Ed W. Clark High School is a nine-month public high school in Las Vegas, Nevada, that is part of the Clark County School District. It opened in 1965.

History 
The campus was designed by architects Zick & Sharp, and constructed by the Del E. Webb Corporation in 1965.

Magnet programs
Academy of Finance (A.O.F.)
Academy for Mathematics, Science, Arts and Technology (A.M.S.A.T.)
Teacher Education At Clark High (T.E.A.C.H.)

Notable alumni
 Paul Anderson, Nevada state assemblyman (Class of 1988) 
 Bob Beers, state senator (Class of 1977)
 Nick Bell, former professional football player (Class of 1987)
 Shirley Breeden, former member of the Nevada Senate
 Laura Dahl, fashion designer
 Brian Dallimore, former Major League Baseball player
 John Ensign, former U.S. senator (Class of 1976)
 Robert Gamez, professional golfer (Class of 1986)
 Phil Glover, professional football player (class of 1994)
 Steven Horsford, U.S. representative (Class of 1991)
 Jimmy Kimmel, talk show host and comedian (Class of 1985)
 Catherine Cortez Masto, U.S. senator (Class of 1982)
 Ron Merkerson, professional football player
 Uhunoma Osazuwa, Nigerian track and field athlete (Class of 2006)
 Ardis Parshall, American historian
 Louis Prima Jr. "Crown Prince" of swing, singer, songwriter, trumpet player and leader of his band, The Witnesses (Class of 1983)
 Rory Reid, Clark County commissioner
 Ron Riley, former professional basketball player (Class of 1992)
 Sam Smith, former NBA player (Class of 1973)
 Willie Smith, former NBA player (Class of 1972)
 Ronnie Vannucci Jr., drummer for The Killers

Performing arts

Clark High School is home to a number of performing groups, including the orchestra, band, and choir.

There is a beginning orchestra for any student wishing to learn to play a classical string instrument, and intermediate and advanced orchestras for more experienced players.

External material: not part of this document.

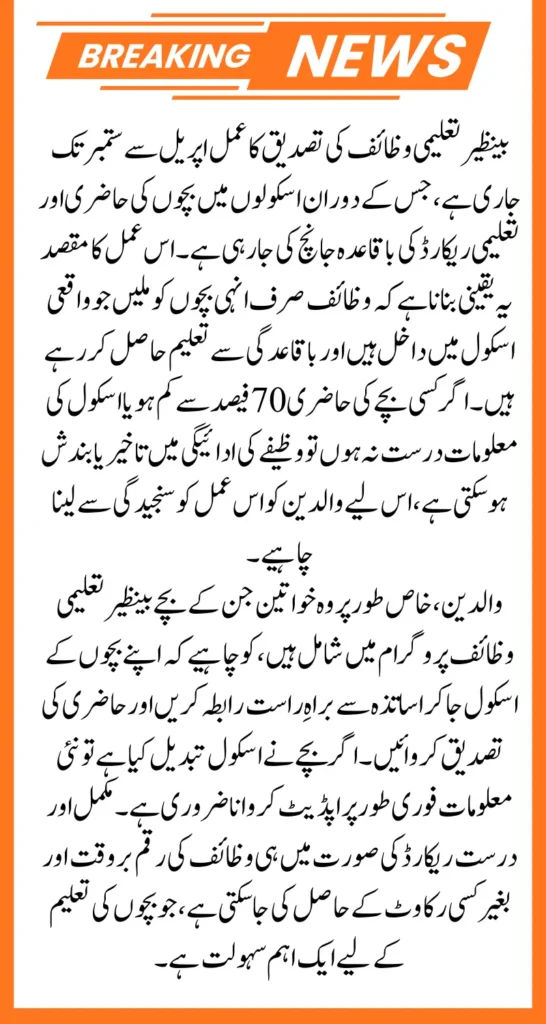 The Benazir Taleemi Wazaif verification process is designed to confirm that children receiving stipends are genuinely enrolled and attending school. Schools are verifying attendance registers, enrollment details, and class records before forwarding confirmations to the relevant authorities. This step helps prevent misuse and ensures deserving families continue to benefit.

More proficient musicians may opt to audition for the chamber orchestra, which challenges students with a considerably advanced repertoire.

Once marching season ends the marching band divides into two bands for the winter and spring seasons: the symphonic band (for intermediate musicians) and the wind ensemble (for advanced musicians). A drumline performs during the winter season, and there is a jazz band which has performed at Disneyland and on KLVX's Inside Education.

The chorus consists of several different groups. These include: All-men, All-women, Jazz, Concert, Advanced, and Chamber choirs.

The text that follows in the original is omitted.